Exercise goal:
Copy each record below faithfully, leaving out images.

Supplied entries:
BEGIN

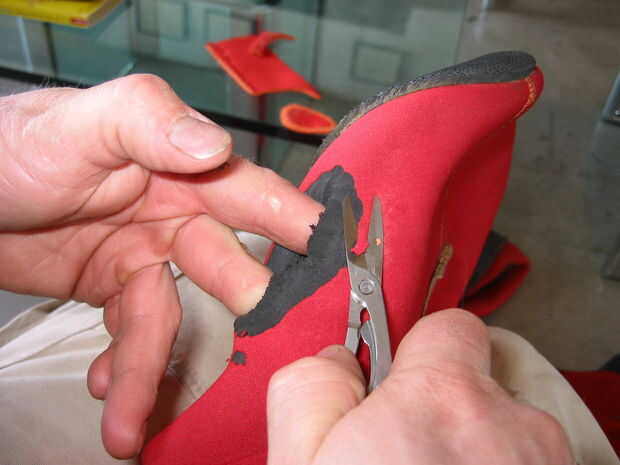 Cortar esa superficie con la capa de tela (si existe) por lo que va estrechando hasta el agujero.
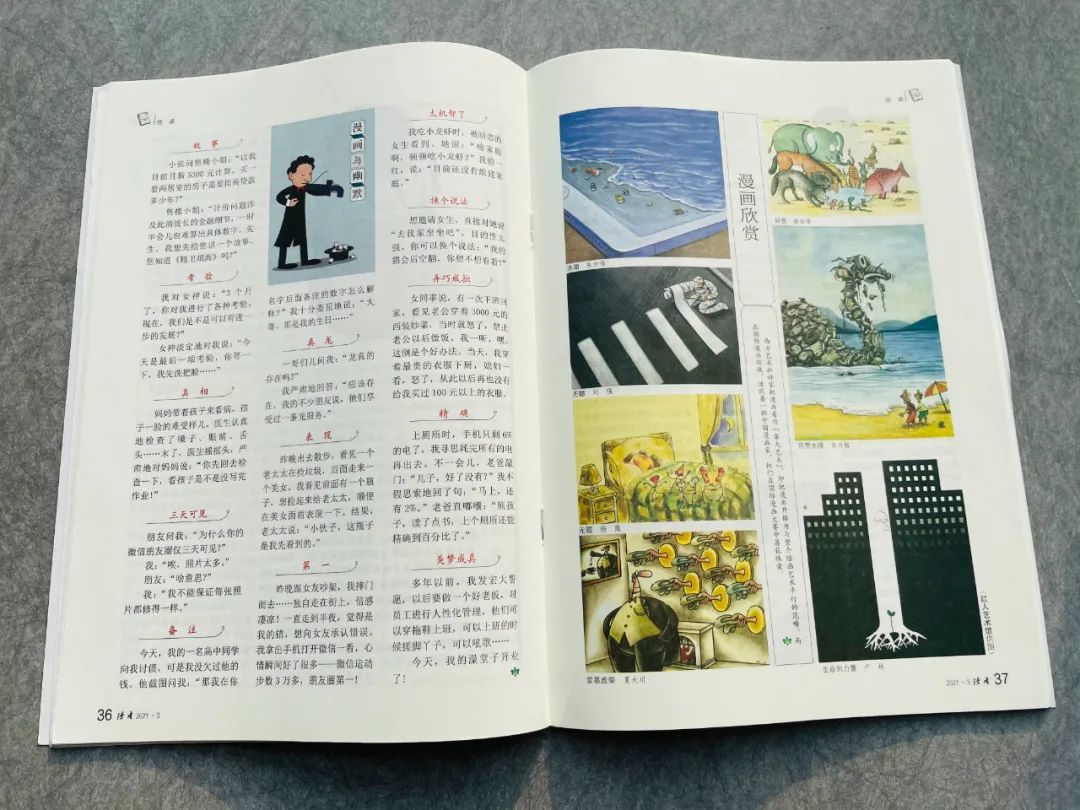 名家美文、藝術人生、熱門話題、幽默漫畫、生活感悟……高水準文學作品,富有哲思的小故事,6本雜志里全都有。
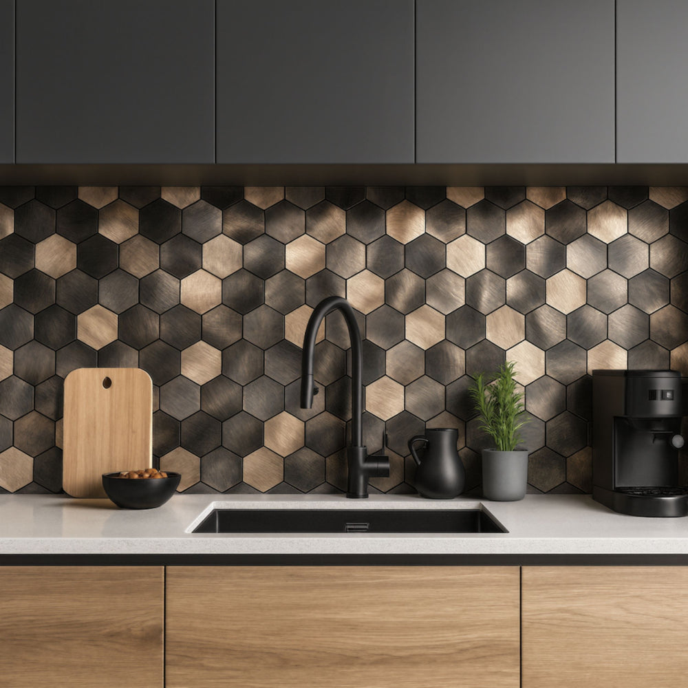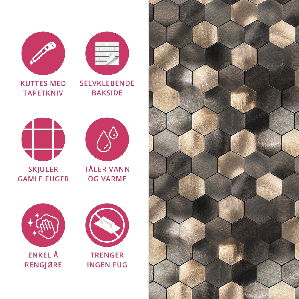 Gi kjøkkenet, badet eller vaskerommet et moderne uttrykk med våre Latte hexagon selvklebende veggfliser. De unike sekskantede flisene kombinerer varme latte-nyanser i en elegant mix av lyse og mørke toner, og skaper et levende og rent uttrykk på veggen.
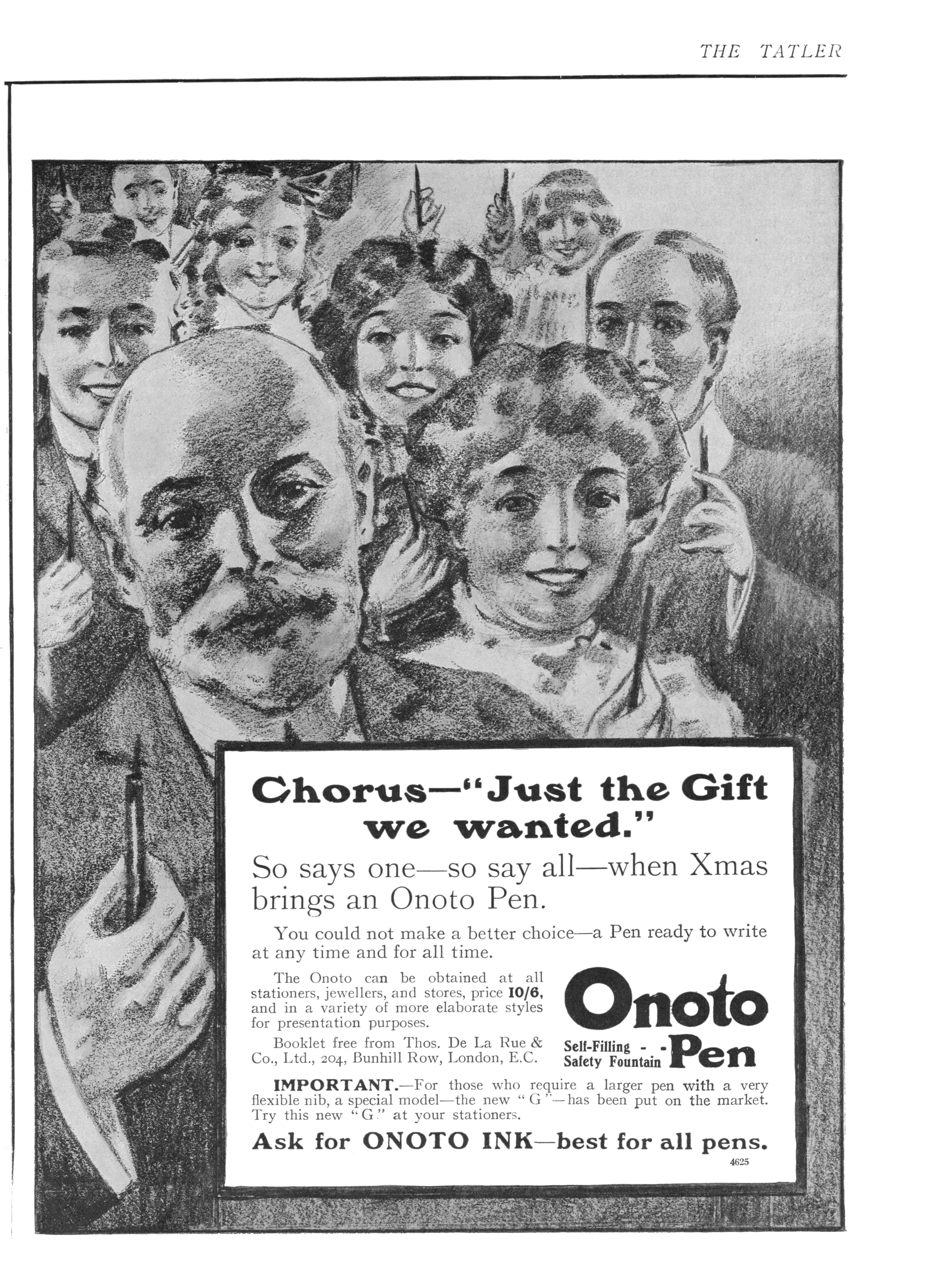 Scansione di una pubblicità Onoto datata 1911. Pubblicazione su: The Tatler. Ritoccata dall'autore per una migliore nitidezza. Data indicata dal fornitore. Pubblicizza delle penne della serie 3000, ed in particolare riporta l'ingresso sul mercato di una nuova Onoto G con pennino molto flessibile.
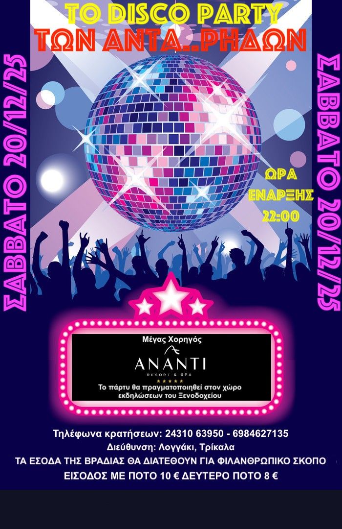 To »DISCO PARTY ΤΩΝ ΑΝΤΑ…ΡΗΔΩΝ» το Σάββατο 20 Δεκεμβρίου στο Ananti Resort
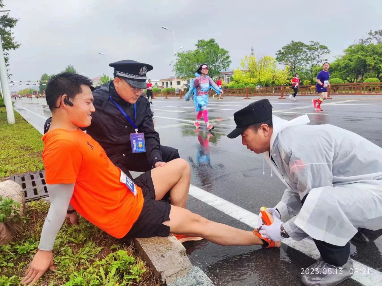 馬拉松賽事當(dāng)天,由于天氣變化下起小到中雨并伴隨氣溫下降,執(zhí)勤隊(duì)員頂風(fēng)冒雨,傲然屹立,很多隊(duì)員衣服被雨澆濕了、鞋子被水浸透了,但他們始終保持著良好的執(zhí)勤姿態(tài)和形象,履行著自己的崗位職責(zé),全力維護(hù)現(xiàn)場(chǎng)秩序,受到了各級(jí)領(lǐng)導(dǎo)、賽事單位、參賽跑友和廣大人民群眾的一致好評(píng)。
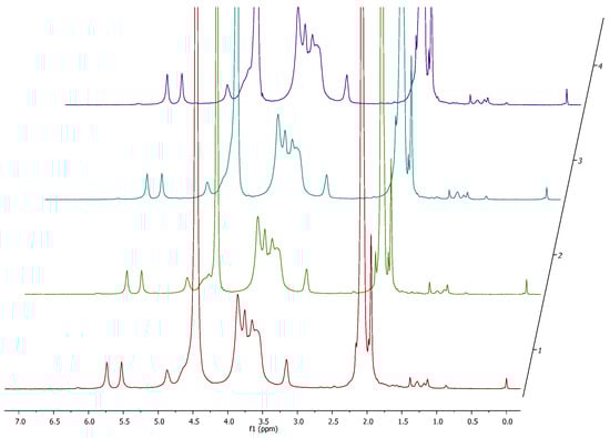 Methacrylated chitosan was obtained in a classical approach [] employing methacrylic anhydride (MAA) as an acylating agent in a reaction carried out in 1% acetic acid. The use of an acidic environment is necessary to obtain satisfactory solubility of chitosan, which, however, has a negative impact on the reactivity of free amino groups due to their protonation. The protonated amino group of -NH2 loses its nucleophilic properties and transforms into -NH3+. Both forms remain in constant equilibrium in the reaction environment, which allows for its functionalization using a large excess of MAA. Through optimization work taking into account the amount of MAA used, temperature, and reaction duration, the target product with a degree of substitution DS ~ 80% was obtained. 1H NMR spectra were measured for each of the obtained products and the results are summarized in Figure 4. On their basis, the degree of product substitution was determined, which was 76% ± 5% for Sample 1, 82% ± 5% for Sample 2, 78% ± 5% for Sample 3, and 79% ± 5% for Sample 4. Additionally, it was demonstrated that there was no contamination with methacrylic acid residues, the signals of which are not visible in the obtained spectra. This result confirms the effectiveness of the method used to purify the reaction mixture. The finished and characterized product, according to the described procedure, was used for further research.

END

Answer to the exercise:
 Cortar esa superficie con la capa de tela (si existe) por lo que va estrechando hasta el agujero.
 名家美文、藝術人生、熱門話題、幽默漫畫、生活感悟……高水準文學作品,富有哲思的小故事,6本雜志里全都有。
 Gi kjøkkenet, badet eller vaskerommet et moderne uttrykk med våre Latte hexagon selvklebende veggfliser. De unike sekskantede flisene kombinerer varme latte-nyanser i en elegant mix av lyse og mørke toner, og skaper et levende og rent uttrykk på veggen.
 Scansione di una pubblicità Onoto datata 1911. Pubblicazione su: The Tatler. Ritoccata dall'autore per una migliore nitidezza. Data indicata dal fornitore. Pubblicizza delle penne della serie 3000, ed in particolare riporta l'ingresso sul mercato di una nuova Onoto G con pennino molto flessibile.
 To »DISCO PARTY ΤΩΝ ΑΝΤΑ…ΡΗΔΩΝ» το Σάββατο 20 Δεκεμβρίου στο Ananti Resort
 馬拉松賽事當(dāng)天,由于天氣變化下起小到中雨并伴隨氣溫下降,執(zhí)勤隊(duì)員頂風(fēng)冒雨,傲然屹立,很多隊(duì)員衣服被雨澆濕了、鞋子被水浸透了,但他們始終保持著良好的執(zhí)勤姿態(tài)和形象,履行著自己的崗位職責(zé),全力維護(hù)現(xiàn)場(chǎng)秩序,受到了各級(jí)領(lǐng)導(dǎo)、賽事單位、參賽跑友和廣大人民群眾的一致好評(píng)。
 Methacrylated chitosan was obtained in a classical approach [] employing methacrylic anhydride (MAA) as an acylating agent in a reaction carried out in 1% acetic acid. The use of an acidic environment is necessary to obtain satisfactory solubility of chitosan, which, however, has a negative impact on the reactivity of free amino groups due to their protonation. The protonated amino group of -NH2 loses its nucleophilic properties and transforms into -NH3+. Both forms remain in constant equilibrium in the reaction environment, which allows for its functionalization using a large excess of MAA. Through optimization work taking into account the amount of MAA used, temperature, and reaction duration, the target product with a degree of substitution DS ~ 80% was obtained. 1H NMR spectra were measured for each of the obtained products and the results are summarized in Figure 4. On their basis, the degree of product substitution was determined, which was 76% ± 5% for Sample 1, 82% ± 5% for Sample 2, 78% ± 5% for Sample 3, and 79% ± 5% for Sample 4. Additionally, it was demonstrated that there was no contamination with methacrylic acid residues, the signals of which are not visible in the obtained spectra. This result confirms the effectiveness of the method used to purify the reaction mixture. The finished and characterized product, according to the described procedure, was used for further research.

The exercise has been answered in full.